22. So, in view of what has been discussed above, we hereby direct to exclude Accentia from the final set of comparables for benchmarking the international transactions qua ITES. COSMIC GLOBAL LIMITED (COSMIC)

23. The taxpayer sought to exclude Cosmic from the final set of comparables on ground of different business model, abnormal profit and have been providing other services like medical transcriptions and its BPO services is very insignificant i.e. 5.11%. When we examine profit & loss account, available at page 76 of the annual report, Cosmic has paid translation charges of Rs.3,00,25,326/- and BPO services is very insignificant to the tune 16 ITA No.1829/Del/2014 of 5.11%. The taxpayer outsourced significant portion of its services i.e. translation services as is evident form profit & loss account discussed above.

24. Not only this, Cosmic is having volatile profits over the years which is tabulated as under :-

              FY 2006-07                   23.40%
             FY 2007-08                    24.30%
              FY 2008-09                   48.20%
              FY 2009-10                   18.28%
             (relevant FY)
              FY 2010-11                   8.06%


25. Hon'ble High Court of Delhi in case of Rampgreen Solutions Pvt. Ltd. vs. CIT in ITA 102/2015 order dated 10.08.2015 affirmed the decision rendered by the Tribunal excluding the Vishal on the ground that Vishal's expenditure on employment cost during the relevant period vis-à-vis tested party apparently for the reason that most of its work was outsourced to other vendors viz. service providers. So, in the instant case also, substantial work has been outsourced by the Cosmic which makes it unfit as comparable vis-à-vis assessee company.

26. Furthermore in case cited as The Pr. CIT vs. Xchanging Technology Services India P. Ltd. in ITA 813/2015 order dated 20.10.2015, Hon'ble High Court upheld the findings returned by 17 ITA No.1829/Del/2014 coordinate Bench of the Tribunal to exclude Cosmic from the final set of comparables on the ground that it has outsourced its major activities whereas the taxpayer was doing the business in-house.

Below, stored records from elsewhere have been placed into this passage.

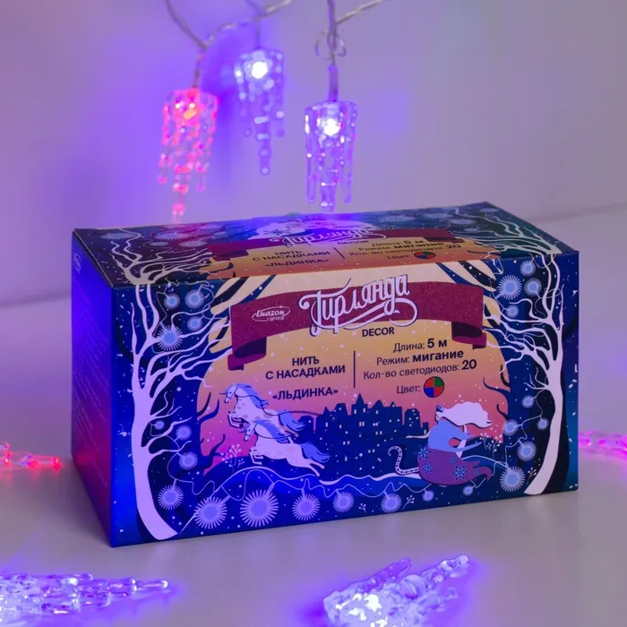 Гирлянда «Нить» 5 м с насадками «Льдинка», IP20, прозрачная нить, 20 LED, свечение мульти (RG/RB), мигание, 220 В — Характеристики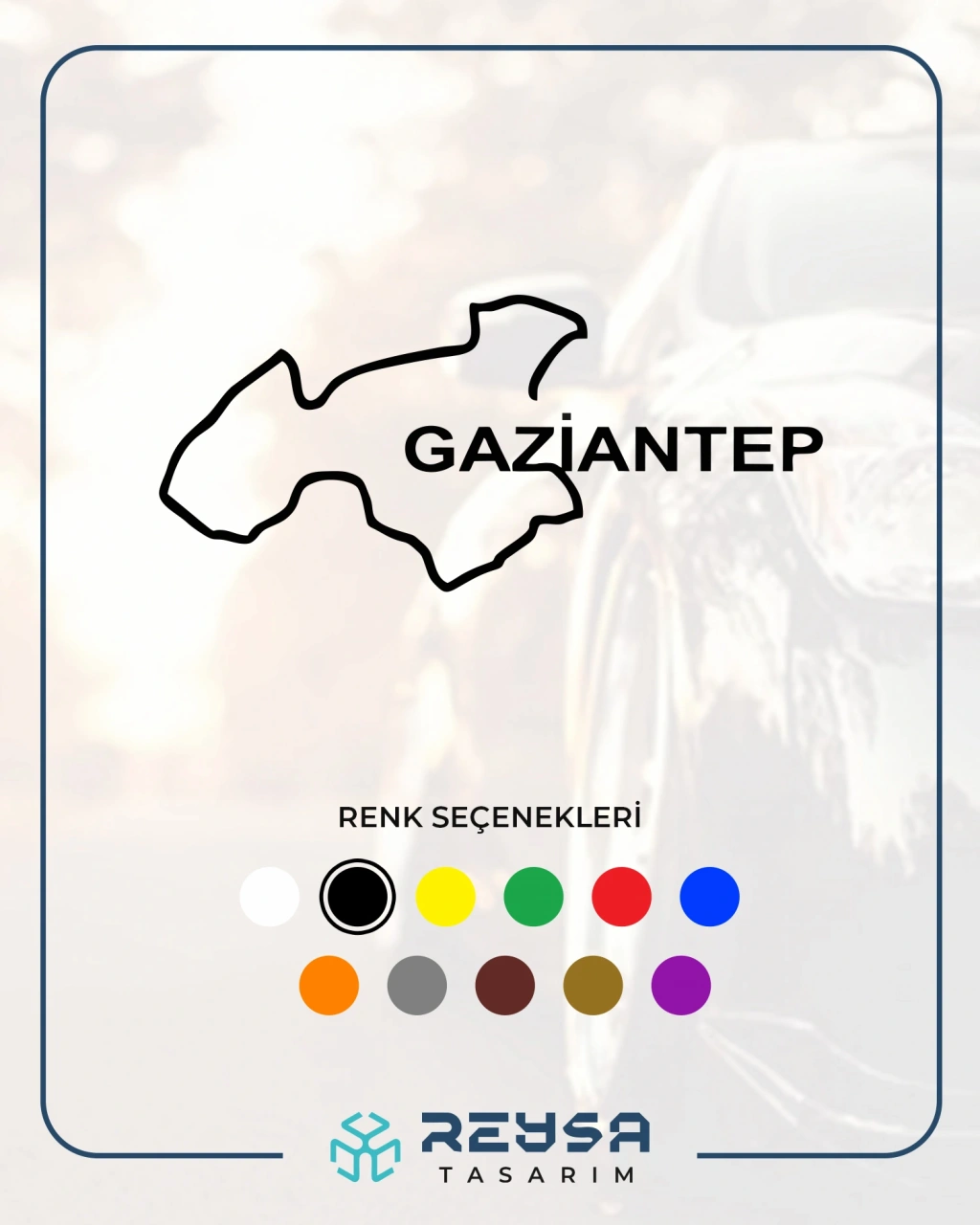 Gaziantep Harita Araba Sticker 17x17 Cm Siyah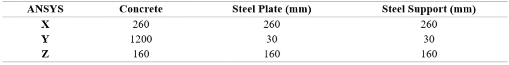 Table 4. Dimensions of the Concrete Element and the Upper and Lower Support Plates.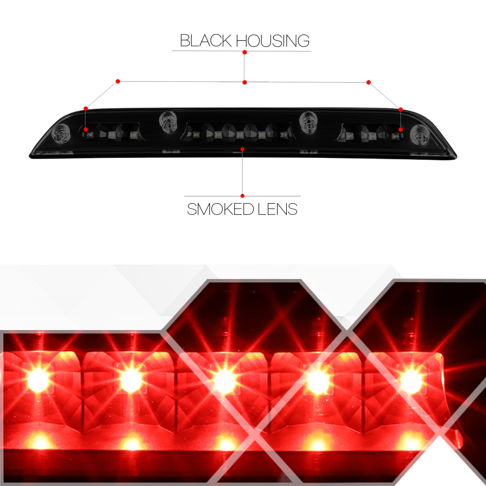 For 2015 to 2020 Ford F150 F250 F350 F450 F550 Super Duty Rear LED 3rd Third Brake Light Tail Stop Lamp Black Housing Smoked Lens 16 17 18 19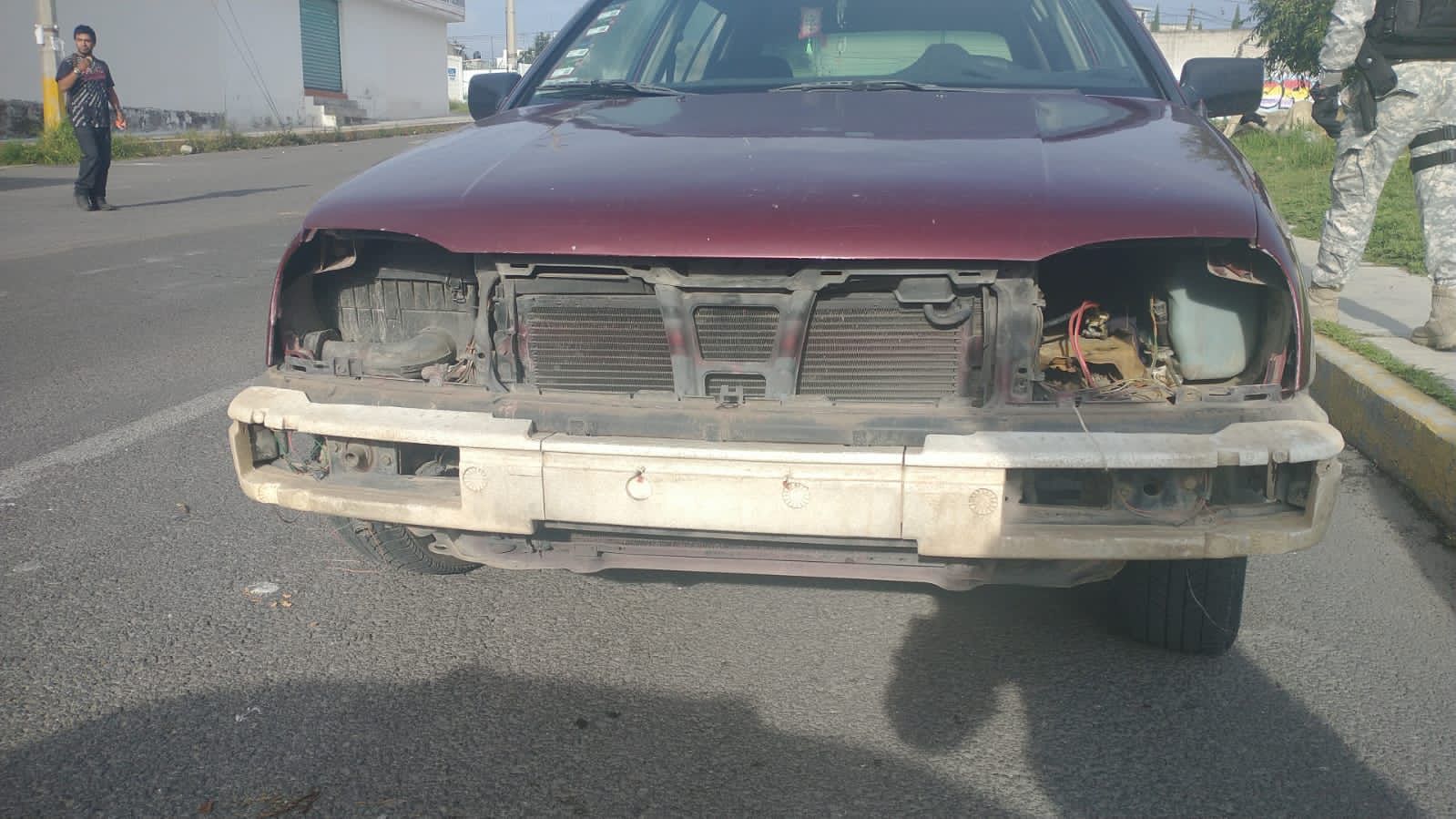 Lo anterior sobre calle Pensamientos, cuando los elementos municipales se percataron de la presencia de un automóvil con huellas de desvalijamiento, por lo que de inmediato se acercaron para revisarlo.
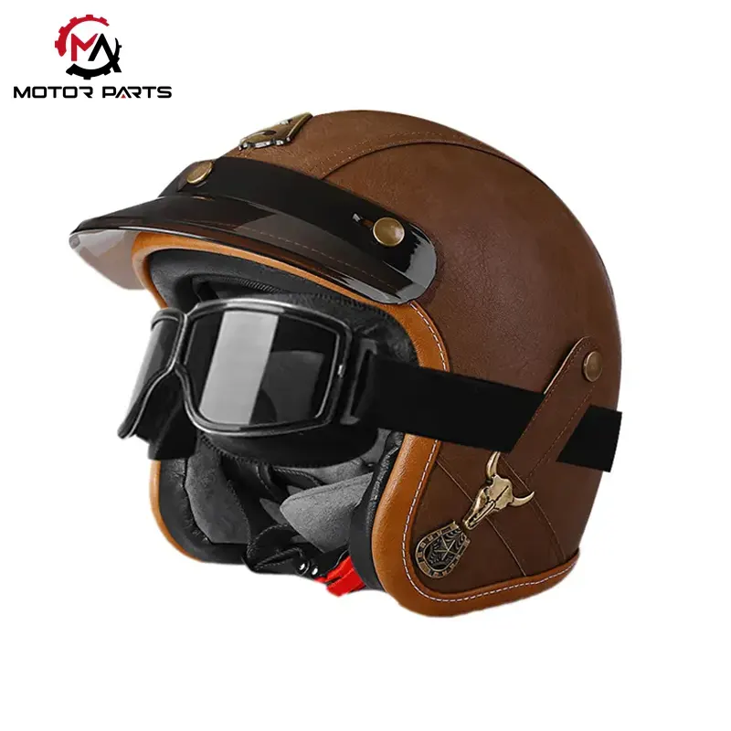 China Motorcycle Half Face Helmet Leather With Goggles е полукаска в ретро стил от производителя Max Trading, съчетаваща защита за безопасност и стилен дизайн, подходяща за водачи, които ценят както индивидуалността, така и практичността.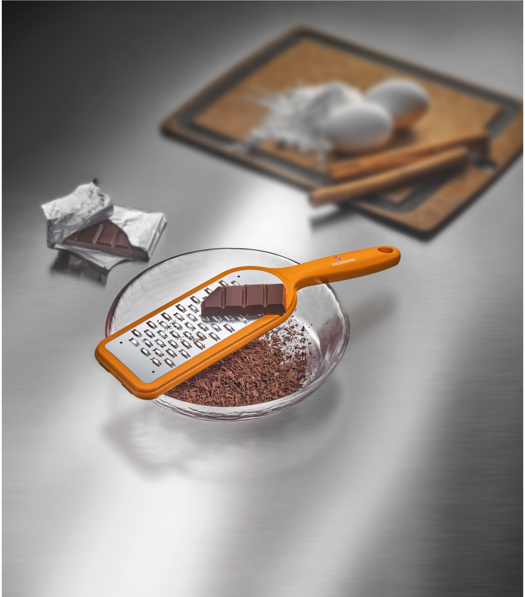 Ergonomicky tvarované struhadlo Victorinox se střední hrubostí vhodné na vytváření hoblinek čokolády, strouhání tvrdého sýra nebo ořechů. Každý břit je oboustranně broušený, takže lze strouhat oběma směry.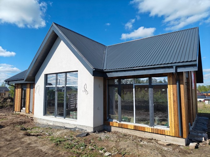 🔧 Строительство как для себя:• Фундамент — ж/б плита 300 мм, двойное армирование• Стены — Сибит 400 мм (тепло/прохлада)• Перегородки — 200 мм (шумоизоляция)• Кровля — профлист, утепление 200 мм• Окна — антрацит, панорамные 2,5 м• Фасад — Церезит + лиственница• Септик — 9 м³, двухкамерный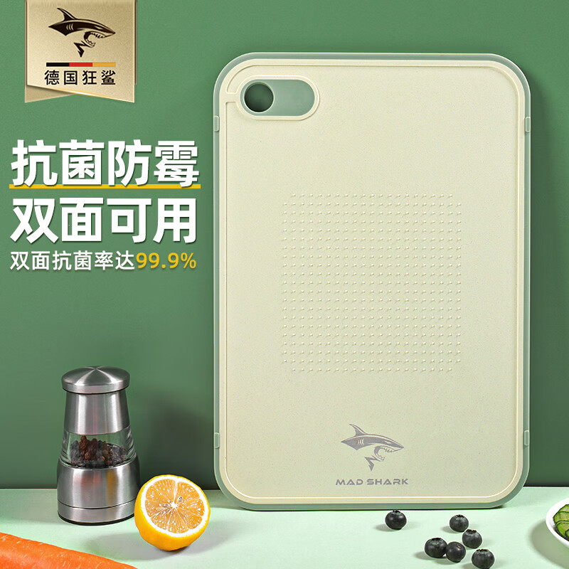MAD SHARK德国进口切菜板小麦秸秆双面抗菌防霉砧板家用食品级水果熟食案板 抗菌绿色-特大号45*30*1.0CM

27. Furthermore the Tribunal in case of Schlumberger Global Support Centre Ltd. vs. DDIT (Intl.Taxn.-II), Pune in ITA No.86/PN/2013 order dated 30.10.2015 ordered to exclude Cosmic for comparability with Schlumberger Global Support Centre Limited, an ITES service provider, on ground of volatile profit by determining following findings :-

"50. In view of the above decisions and considering the fact that Cosmic Global Ltd. had abnormal profit in the F.Y. 2008-09 as compared to 2 preceding and 2 succeeding years we are of the considered opinion that Cosmic Global Ltd. cannot be considered as a comparable and has to be excluded from the list of comparables.
51. Even otherwise also, we find merit in the submission of the Ld. Counsel for the assessee that Cosmic Global Ltd. and the assessee are in opposite sides of the value chain. From the details furnished by the assessee, we find the employee cost of Cosmic Global Ltd. is Rs.1,57,11,463/- on a turnover of Rs.7,37,02,584/- and thus the employee cost to turnover ratio comes to 21.32%. In the case of the assessee as against the total employee cost of Rs.5,86,15,132/- the turnover is Rs.11,02,81,913/- and the ratio of employee cost to turnover comes to 53.15%. Further, Cosmic Global Ltd. has paid translation charges of Rs.3,00,25,306/- to third parties which is to the tune of 40.74% of its turnover which indicates outsourcing of work. Therefore, we find merit in the submission of the Ld. Counsel for the assessee that functionally Cosmic Global Ltd. is incomparable to the assessee.
18 ITA No.1829/Del/2014
The various decisions relied on by the Ld. Counsel for the assessee to the proposition that companies with low employee cost/sales ratio outsourcing substantial portion of work has to be rejected. The Delhi Bench of the Tribunal in the case of Xchanging Technology Services India Pvt. Ltd. (Supra) at para 8 of the order has observed as under :
"8. The TPO considered Cosmic Global Ltd. as comparable with the assessee company on entity level. We have examined the Annual report of this company for the year in question, which is available in the paper ITA No.1897/Del/2014 book. It can be noticed that its revenue from operations stands at Rs.7,37,02,584/-, which consists of three amounts, namely, Medical transcription and consultancy service charges amounting to Rs.9,90,737/-; Translation charges amounting to Rs.6,99,35,756/-; and Accounts BPO charges amounting to Rs.27,76,090/-. This company outsourced the activity of Translation. 57.31% of total operating expenses incurred by this company are outsourcing charges. Admittedly, outsourcing is confined to Translation, for which it paid charges at Rs.3.00 crore. In our considered opinion, this company cannot be considered as comparable with the assessee company for the reason of its major activity, namely, Translation, with revenue of Rs.6.99 crore (out of total revenue of Rs.7.35 crore), being dissimilar with the assessee's activities under this segment. The second reason for considering this company as incomparable on entity level is the business model adopted by it. It can be seen that this company has outsourced major activities in comparison with the assessee doing its business in- house. It goes without saying that these two business models, namely, outsourcing services and providing in-house services, cannot be ITA No.1897/Del/2014 compared with each other because of their inherent differences. Since the TPO has considered this company as comparable on entity 19 ITA No.1829/Del/2014 level, we hold that the same cannot be so treated.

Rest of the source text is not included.